**Your instructions**
Exactly and only the lines from the first entry through the line with "FBBC-210 is a" should be copied, both ends included, with no pictures.

**Excerpted data**
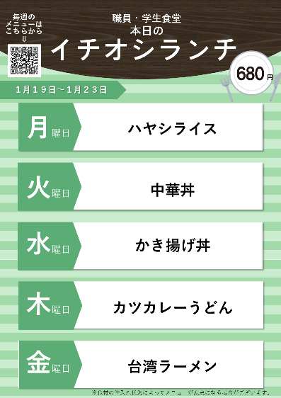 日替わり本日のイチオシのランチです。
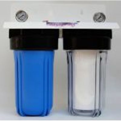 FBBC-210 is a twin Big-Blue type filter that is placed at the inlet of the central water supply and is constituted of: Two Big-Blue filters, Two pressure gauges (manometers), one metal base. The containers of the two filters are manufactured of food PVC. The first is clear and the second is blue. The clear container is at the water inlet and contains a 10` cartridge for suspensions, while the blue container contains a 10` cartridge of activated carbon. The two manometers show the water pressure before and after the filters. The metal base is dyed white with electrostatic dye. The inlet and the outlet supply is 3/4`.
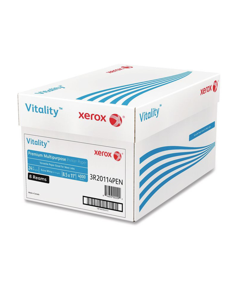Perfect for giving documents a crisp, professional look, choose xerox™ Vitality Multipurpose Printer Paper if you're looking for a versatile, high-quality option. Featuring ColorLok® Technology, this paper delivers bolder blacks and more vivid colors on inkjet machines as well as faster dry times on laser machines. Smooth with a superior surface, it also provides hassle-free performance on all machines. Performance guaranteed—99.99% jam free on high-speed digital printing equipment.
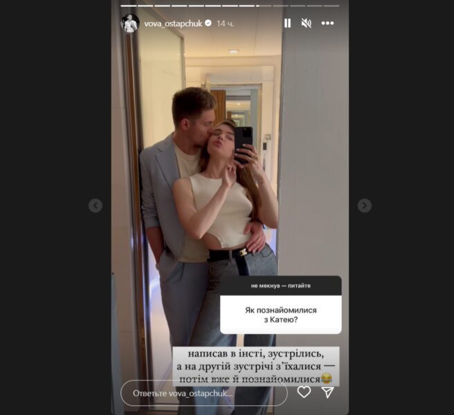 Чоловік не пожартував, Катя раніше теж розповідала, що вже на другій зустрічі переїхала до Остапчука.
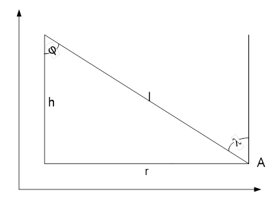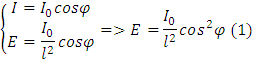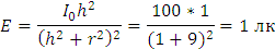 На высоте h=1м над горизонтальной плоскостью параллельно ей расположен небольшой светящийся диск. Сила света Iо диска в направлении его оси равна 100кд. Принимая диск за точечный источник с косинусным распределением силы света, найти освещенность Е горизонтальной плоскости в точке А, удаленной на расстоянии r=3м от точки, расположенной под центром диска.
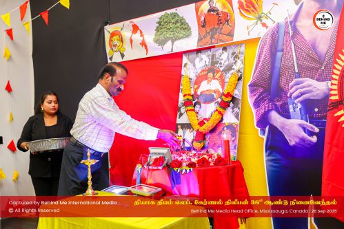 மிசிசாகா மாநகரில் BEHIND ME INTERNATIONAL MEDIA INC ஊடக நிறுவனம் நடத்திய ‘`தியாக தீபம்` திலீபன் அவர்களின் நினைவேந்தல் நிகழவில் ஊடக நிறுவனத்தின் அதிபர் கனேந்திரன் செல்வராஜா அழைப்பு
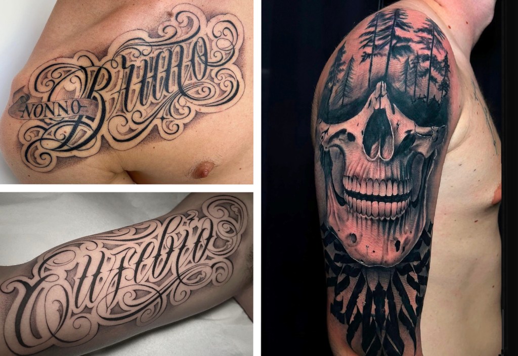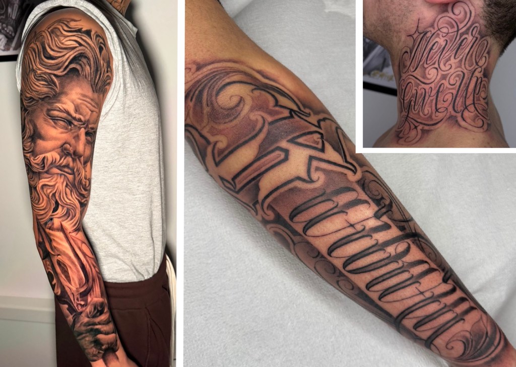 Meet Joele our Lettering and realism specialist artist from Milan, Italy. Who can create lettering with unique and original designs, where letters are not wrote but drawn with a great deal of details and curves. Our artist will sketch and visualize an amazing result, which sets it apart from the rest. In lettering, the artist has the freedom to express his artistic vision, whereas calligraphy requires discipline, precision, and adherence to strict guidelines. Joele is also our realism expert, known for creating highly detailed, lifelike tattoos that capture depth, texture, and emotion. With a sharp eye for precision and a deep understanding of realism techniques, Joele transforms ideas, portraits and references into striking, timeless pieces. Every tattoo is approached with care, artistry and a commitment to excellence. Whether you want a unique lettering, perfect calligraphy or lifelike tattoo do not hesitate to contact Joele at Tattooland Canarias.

**Task solution**
 日替わり本日のイチオシのランチです。
 FBBC-210 is a twin Big-Blue type filter that is placed at the inlet of the central water supply and is constituted of: Two Big-Blue filters, Two pressure gauges (manometers), one metal base. The containers of the two filters are manufactured of food PVC. The first is clear and the second is blue. The clear container is at the water inlet and contains a 10` cartridge for suspensions, while the blue container contains a 10` cartridge of activated carbon. The two manometers show the water pressure before and after the filters. The metal base is dyed white with electrostatic dye. The inlet and the outlet supply is 3/4`.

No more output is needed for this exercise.